Introduction to Presto

Presto is a distributed system that runs on a cluster of machines. It enables analytics on large amounts of data. With Presto, access and query data in place on many data different data sources using ANSI SQL (see image below).

Presto System Overview

A full deployment includes a coordinator and multiple workers. Queries are submitted from a client such as the Presto CLI to the coordinator. The coordinator parses, analyzes and plans the query execution, then distributes the processing to the workers.

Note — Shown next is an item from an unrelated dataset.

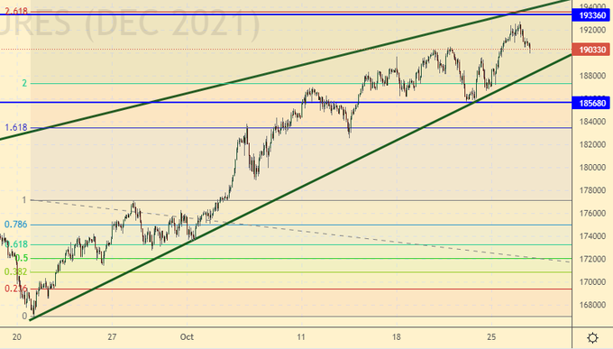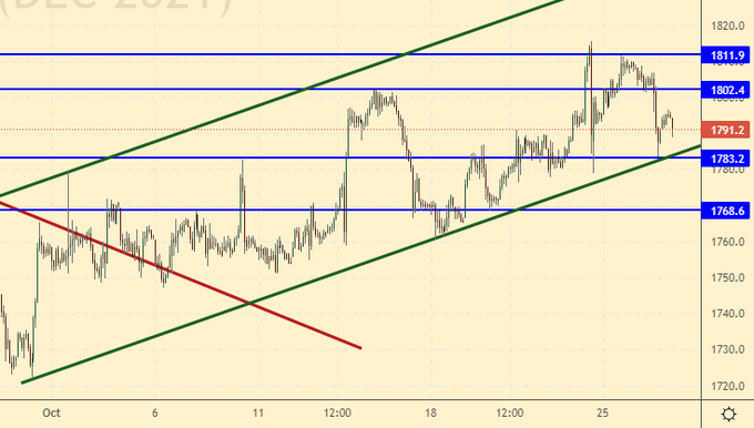 Продавцы золота пытаются пробить нижнюю границу растущего канала. Пока это у них не получается, однако, до заседания ФРС 3-го ноября еще есть время. Вряд ли до пресс-конференции Пауэлла на рынке будут сильные движения, поэтому нахождение рынка золота под 1800 до этой даты рассматриваем как весьма вероятное событие.

Presto Installation Overview

Presto supports pluggable connectors that provide data for queries. The requirements vary by connector. Connector examples include: Hive for HDFS or Object Stores (S3), MySQL, ElasticSearch, Cassandra, Kafka and more. In addition for benchmarking you can use the TPC-H or TPC-DS connectors. For a list of supported connectors see the docs.

Use Cases

Interactive analytics
Quickly analyze data and execute queries in seconds or minutes using visualizations, dashboards, notebooks, and BI tools.

Batch ETL
Populate and process data in the warehouse for better throughput and efficiency.

A/B testing
Choose which data to slice and dice and evaluate product changes via hypothesis testing, with results in hours (not days).

App Analytics
Build external-facing custom reporting tools with low latency and hundreds of highly available concurrent queries.

Deployment

See Deploying Presto for complete deployment instructions.

Running Queries

You can run queries using the Command Line Interface after deploying Presto.